リービンCEOは、「対面は最高の状態であり、いまでは貴重な機会である。だが、対面の状態を作り出すには、同じ場所に、同時にいることが前提となる。この貴重な時間に、つまらない会議をするのは悲劇でしかない。誰かと一緒にいるならば、会議室でスライドを見ている場合じゃない。一緒においしいものを食べたり、信頼を築いたり、人脈を広げた、お互いを理解したりといったように、実際に会わないとできないことに時間を使うべきである」と語る。
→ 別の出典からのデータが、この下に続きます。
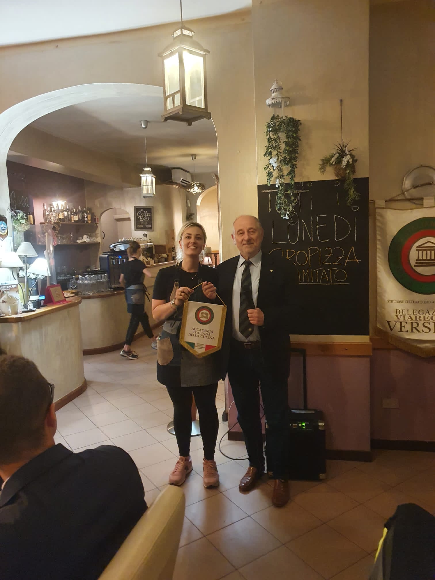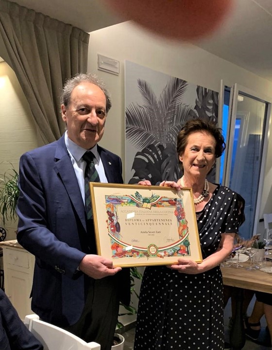 La Delegazione di Viareggio Versilia si è ritrovata al ristorante "Renzo" a Massarosa (LU) per celebrare i 40 anni di appartenenza degli Accademici Emilio Celli ed Eugenio Del Vecchio con la consegna degli Attestati di Benemerenza e i distintivi coniati per queste importanti ricorrenze. Il convivio è stato la cornice per festeggiare Emilio Celli, Delegato dal 2001 al 2007 ed Eugenio Del Vecchio, Delegato dal 2011 al 2013. L'intera Delegazione si è stretta a Emilio ed Eugenio e ha applaudito la passione da loro dimostrata per ben 40 anni. Foto 1. Emilio Celli, il Delegato Alberto Petracca ed Eugenio Del Vecchio. Foto 2. La titolare del ristorante "Renzo" e il Delegato Alberto Petracca. Foto 3. Il menu della Conviviale.

そして、「もし、日本に行ったら、会議は最小限しかやらない。その分、多くの人に会って、毎晩会食に行く。日本に行くのは、人とのつながりのためである」とも語る。
対面を補完する役割を果たしているのが、ライブビデオである。同期型のビデオ会議によるコミュニケーションはビジネスシーンでも一般化してきている。
リービンCEOは、「Zoomなどを使ったライブ会議は、参加者が同時刻に集合しなくてはならないという点では貴重な体験である。だが、それは、全員が発言し、インタラクティブな会議になってこそ意味がある。一部の人が発言するだけで、他の人は聞いているだけという状態では、同じ時間に集まっている意味がない」とする。
そして、mmhmmのような分散型組織は場合、デジタル環境であっても、同じ時間に集まる際には、時差も考えながら、スケジュールを調整する必要もある。それも同期型のビデオ会議の課題のひとつだと指摘する。
そこで、リービンCEOが訴求するのが、最下位の階層にある録画されたビデオや、非同期のビデオによるコミュニケーションの積極的な活用である。
「報告会や情報共有会といったように、報告や共有を目的にするのであれば、ビデオ録画が最適である。スライドを表示し、楽しい映像効果を加えてビデオを作る方が、ライブでやるよりも、ずっと簡単に行え、失敗したら撮りなおすこともできる。また、見る側も、好きな時間に、好きな再生スピードで視聴できる」とする。